2. Bölüm

740 154 70
                                    

Sımsıkı kapattığım içinde paramın olduğu avucum, yumruk atacak gibi duruyordu. Ailemin her ay gönderdiği paraları harcamayıp biriktirmek şüphesiz akıl hastanesinde yaptığım en akıllıca şeydi.

Peki ya şimdi ne olacak? Ne yapmam gerekiyor bu bilmediğim şehirde?

Sekiz aydır burada olmama rağmen hastaneden çıktıktan sonra sudan çıkmış bir balık gibi kalmıştım.

Ben asla denizkızı olmadım. Karasal bir şehrin kızıyım. Deniz kokusu nedir bilmem.

Yürüdükçe kendimi bu bankta otururken bulmuştum. İstanbul'un o meşhur denizi önümde dalgalanıyordu.

Ne yapacağım şimdi?

Önce gidip bir eve dönüş bileti almalıyım. Bu şehirde daha fazla nefes alamıyorum. Aileme ilk hastanede tedavi görmeyi teklif ettiğimde kesinlikle karşı çıkıp herkesin haykırdığı cümleleri onlar yüzüme yalanlayarak haykırmıştı.

"Saçmalıyorlar onlar kızım. Seni üzmek istiyorlar."

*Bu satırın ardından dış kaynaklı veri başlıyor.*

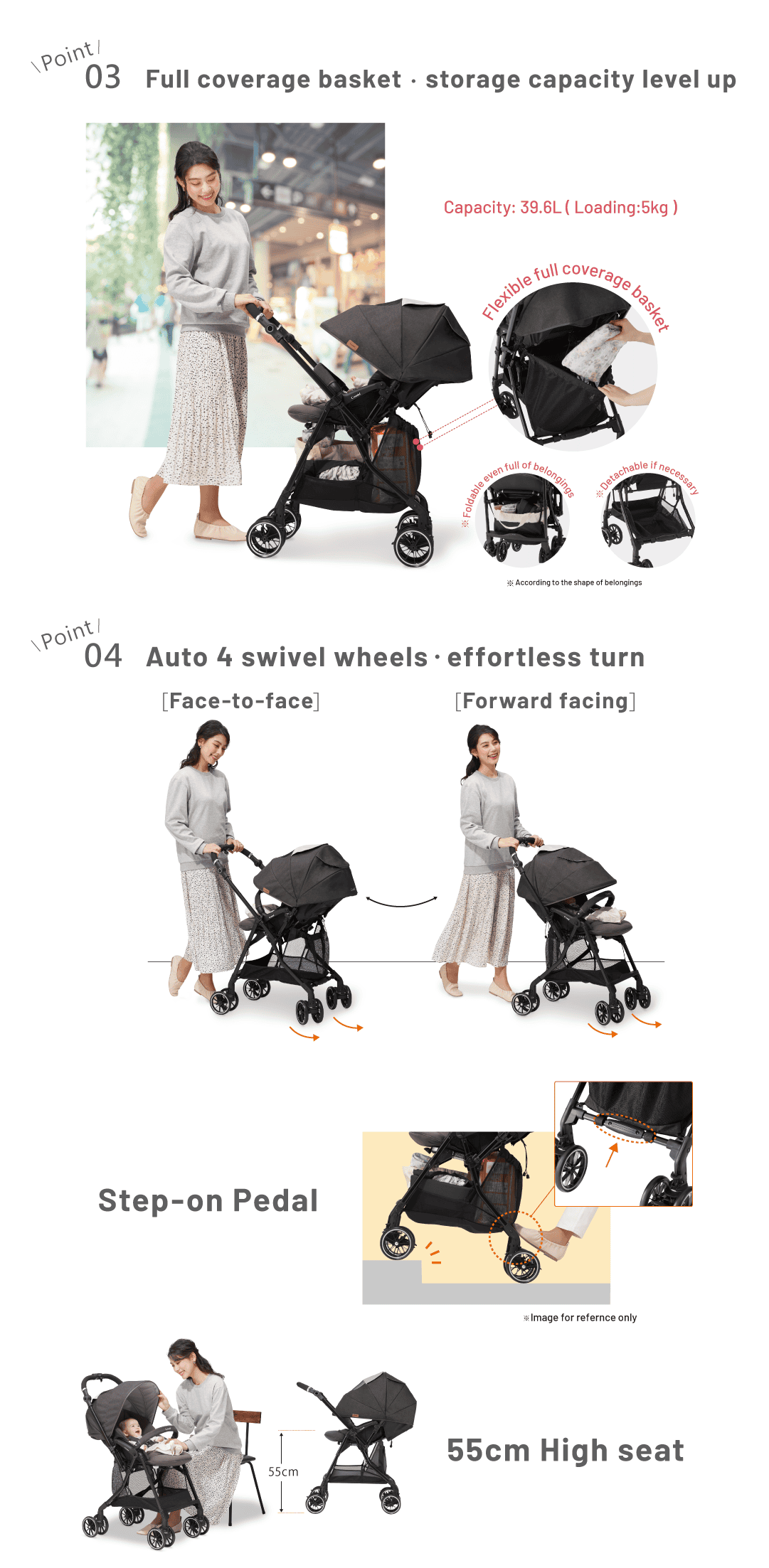 5. 55cm high seat keeps baby away from dust, heat, and CO2, making lifting easy.
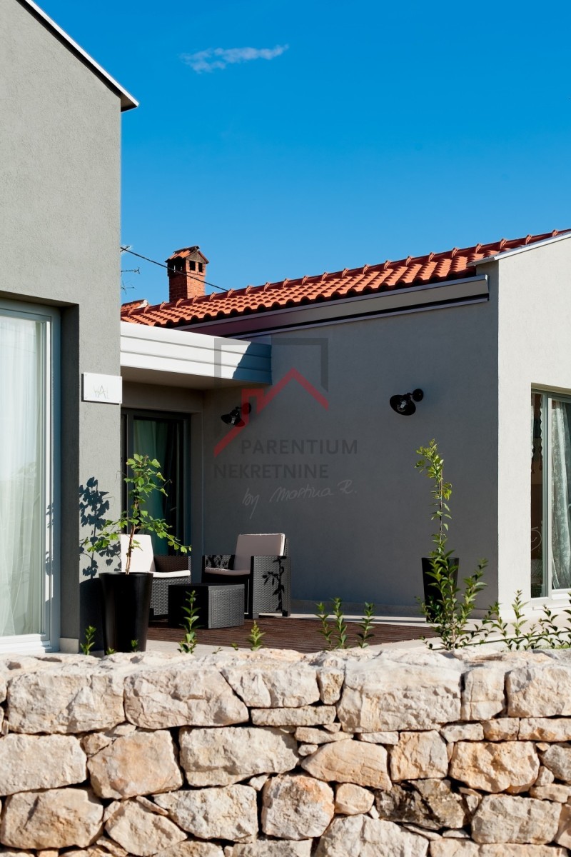 Dvorište je u potpunosti ograđeno i uređeno kako bi se osigurala maksimalna privatnost. Uz bazen sa sunčalištem, u stražnjem dijelu dvorišta nalazi se natkrivena ljetna kuhinja s roštiljem, idealna za tople večeri i druženja s obitelji i prijateljima.
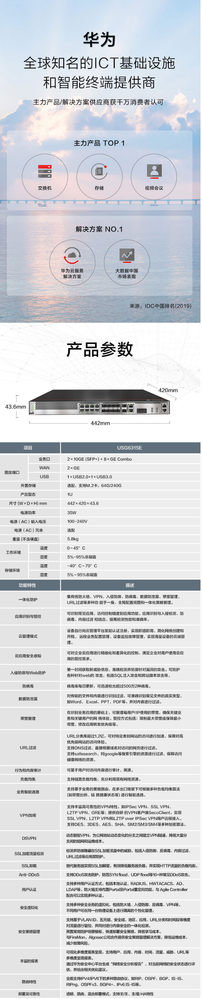 產品: 瀏覽次數:6成都華為防火墻授權經銷商_HUAWEI USG6300E系列AI防火墻企業級核心VPN千兆安全網關 USG6315E-AC 1U盒式 可升級SSL VPN
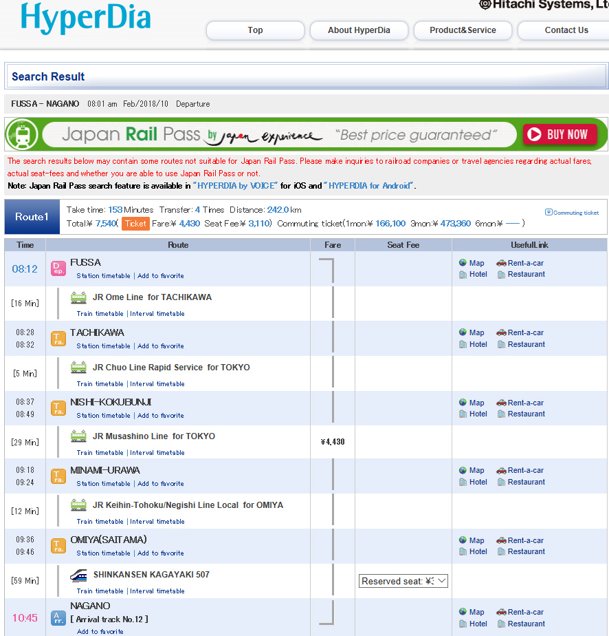 | This turned out to be the most important schedule. I had it on my tablet and carried it everywhere. These are all of the stations and train changes I had to do to get to Nagano. The times were not as important for me as getting to the right station. The frequency of trains is sufficient that you'll never have to wait excessively long. There are other ways, but once I traveled this one, I had the stops and train lines memorized and reversed the whole thing to get back to Fussa. The place to find this one and other maps like it for other destinations, e.g. Nikko or Kioto, to name two, is on Hyperdia.com. You can pick your date and time and it will come back with a schedule tree like this and various options regarding travel time and cost. An excellent train travel aid in Japan. |
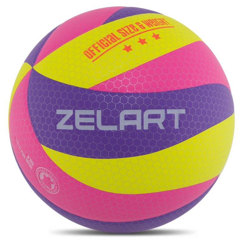 М"яч волейбольний PlayGame Ukraine №5 клеєний, лимонний-фіолетовий-малиновий, код: VB-9000_LGVM
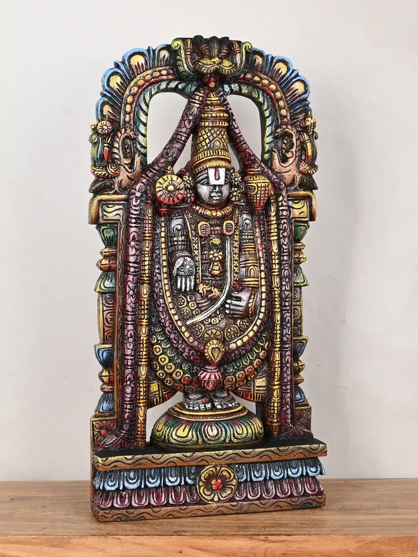 Wooden statue of Lord Venkateswara, also known as Tirupati Balaji, who is considered an incarnation of Lord Vishnu, standing in his sacred form from the Tirumala temple.  In his upper hands, he holds a discus (Chakra), a symbol of power, and a conch shell (Shankha)
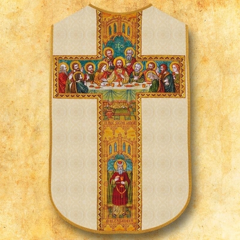 Casula romana com tecnologia moderna de transferência de fotos para o tecido na frente e atrás de altíssima qualidade.
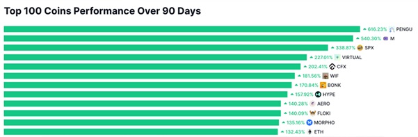 在過去90天內,PENGU(上漲656%)、MemeCore(534%) 和 SPX6900(338%) 領跑全市場。SPX 更是剛剛刷新歷史新高,暴沖至 $2.03,強勢突破前高!

"Baba! Konduramamazlık yapmayı bırakın artık. Sizin bu kızınız deli! Özür dilerim. Ben yemin ederim böyle olmak, sizi üzmek istemiyordum. Anne ben deli olmak istemiyorum. Bana öyle baksınlar istemiyorum."

Ben ilk kez orada bilinmezliğe çekilmiştim. Babamın çok sevdiği ve her gece okşayarak uykuya daldığım saçlarımı çekerek ağlarken babamın gözyaşlarını görmüştüm.

Oysaki o babaydı. Hani yıkılmaz olan süper kahramanımız, ilk aşkımız.

Ben ilk kez orada kaybetmiştim. Annemin gözündeki arkası kesilmeyen yaşlarından dökülen çaresizlikle beyaz bayrağımı sallamıştım hayata.

Ve ben ilk kez orada ölmüştüm, çaresizlik damarlarımdan akarken ben kendimden nefret etmiştim.

Hissettiğim bu karmaşa karşısında hiçbir şey yapamazken ruhumu gerçeklere teslim etmiştim.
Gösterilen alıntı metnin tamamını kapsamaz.